CVE-2008-5807

Step 1: Payload Delivery: An attacker crafts a malicious payload containing JavaScript code (e.g., <script>alert('XSS')</script>) or HTML code.

Step 2: Input Injection: The attacker injects the crafted payload into a vulnerable input field, such as the 'Testproject Name' or 'Testplan Name' fields within TestLink.

Step 3: Data Storage: The injected payload is stored in the TestLink database, associated with the project or test plan.

Step 4: Output Rendering: When a legitimate user views the project or test plan, the application retrieves the stored data from the database.

Step 5: Script Execution: The application renders the data, including the attacker's injected payload, in the user's web browser without proper sanitization or encoding. The browser then executes the malicious JavaScript code.

Step 6: Exploitation: The executed JavaScript code can perform various malicious actions, such as stealing user cookies, redirecting the user to a phishing site, or defacing the website.

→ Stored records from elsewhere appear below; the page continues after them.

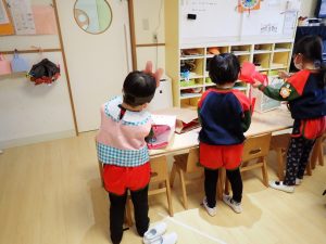 1月20日(火)カーニバルに向けて≪しろぎく≫ 2026年1月20日 カーニバルに向けて段々と仕上がってきました。年長さんが見ているなかで、少し緊張気味の年中のしろぎくさんです。衣装の片付けも上手になってきました。「保護者専用ページ」にしろぎくさんの様子をアップしました。 前の記事 一覧へもどる 次の記事
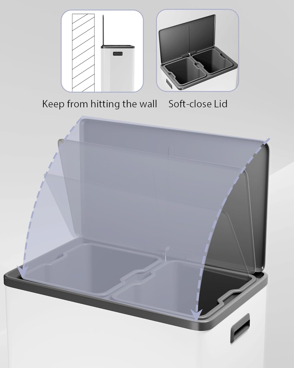 - Effortless Dual Sorting: 2 removable inner buckets (2 x 8 gallons/3L each) let you separate recyclables, compost, or general waste in one sleek unit. Perfect for dry/wet waste sorting.
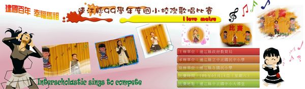 建國百年國小校際歌唱比賽5/14九點在中正國中小舉行 --閱讀人次 : 1470 連江縣九十九學年度國民小學校際歌唱比賽,於5/14上午九點起,假中正國中小大禮堂隆重登場,為了慶祝建國百年今年歌唱比賽的主題特別訂為「建國百年、愛國歡唱」,其中共分為低、中、高年級三個組別,一一位大家帶來動人的歌曲,想要回味鏗鏘有利的愛國歌曲嗎?聽聽孩子們嘹亮動聽的歌聲,來一場美妙的音樂饗宴,來中正國中小就對了。

The vulnerability stems from insufficient input validation and output encoding in TestLink versions prior to 1.8 RC1. Specifically, the application fails to properly sanitize user-supplied data, such as project names, test plan names, and potentially test case prefixes, before rendering them in the web browser. This allows attackers to inject arbitrary HTML and JavaScript code. The root cause is a lack of input sanitization and output encoding (e.g., HTML escaping) of user-provided data. The application trusts user input without proper validation, leading to the execution of malicious scripts within the context of the vulnerable website. The flaw resides in the planEdit.php and potentially projectview.tpl files, where user-supplied data is directly incorporated into the HTML output.